[Description of the task]: Beginning with the line that holds "Yxy 12.896,0.189,0.111 Color", copy every remaining line of the listing below exactly, and leave the pictures out.

[Data block]:
————
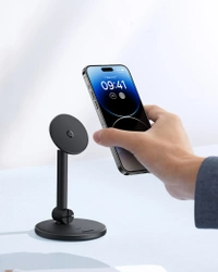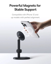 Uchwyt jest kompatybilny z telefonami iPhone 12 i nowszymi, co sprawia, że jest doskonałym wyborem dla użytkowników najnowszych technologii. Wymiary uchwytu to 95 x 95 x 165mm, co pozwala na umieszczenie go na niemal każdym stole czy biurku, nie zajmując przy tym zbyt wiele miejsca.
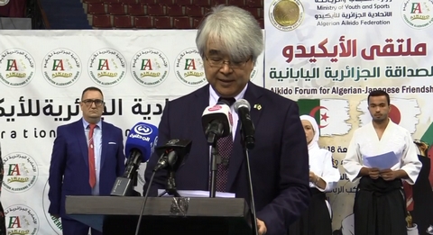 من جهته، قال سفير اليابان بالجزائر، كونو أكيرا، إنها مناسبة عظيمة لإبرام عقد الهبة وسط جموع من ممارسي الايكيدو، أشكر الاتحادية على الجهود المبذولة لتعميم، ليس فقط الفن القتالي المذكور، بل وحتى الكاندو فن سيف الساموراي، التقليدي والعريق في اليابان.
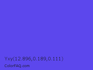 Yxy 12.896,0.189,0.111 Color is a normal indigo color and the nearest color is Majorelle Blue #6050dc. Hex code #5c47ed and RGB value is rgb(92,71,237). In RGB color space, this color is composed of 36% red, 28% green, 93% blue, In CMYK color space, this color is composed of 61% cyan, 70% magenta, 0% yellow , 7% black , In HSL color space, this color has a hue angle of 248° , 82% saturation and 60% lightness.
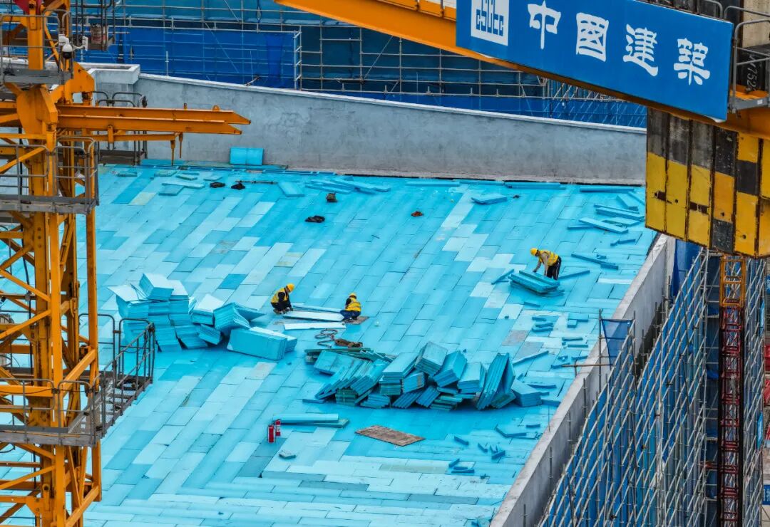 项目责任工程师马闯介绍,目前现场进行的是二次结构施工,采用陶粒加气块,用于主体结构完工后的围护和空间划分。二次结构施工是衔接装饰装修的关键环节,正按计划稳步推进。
————
[Expected answer]:
 Yxy 12.896,0.189,0.111 Color is a normal indigo color and the nearest color is Majorelle Blue #6050dc. Hex code #5c47ed and RGB value is rgb(92,71,237). In RGB color space, this color is composed of 36% red, 28% green, 93% blue, In CMYK color space, this color is composed of 61% cyan, 70% magenta, 0% yellow , 7% black , In HSL color space, this color has a hue angle of 248° , 82% saturation and 60% lightness.
 项目责任工程师马闯介绍,目前现场进行的是二次结构施工,采用陶粒加气块,用于主体结构完工后的围护和空间划分。二次结构施工是衔接装饰装修的关键环节,正按计划稳步推进。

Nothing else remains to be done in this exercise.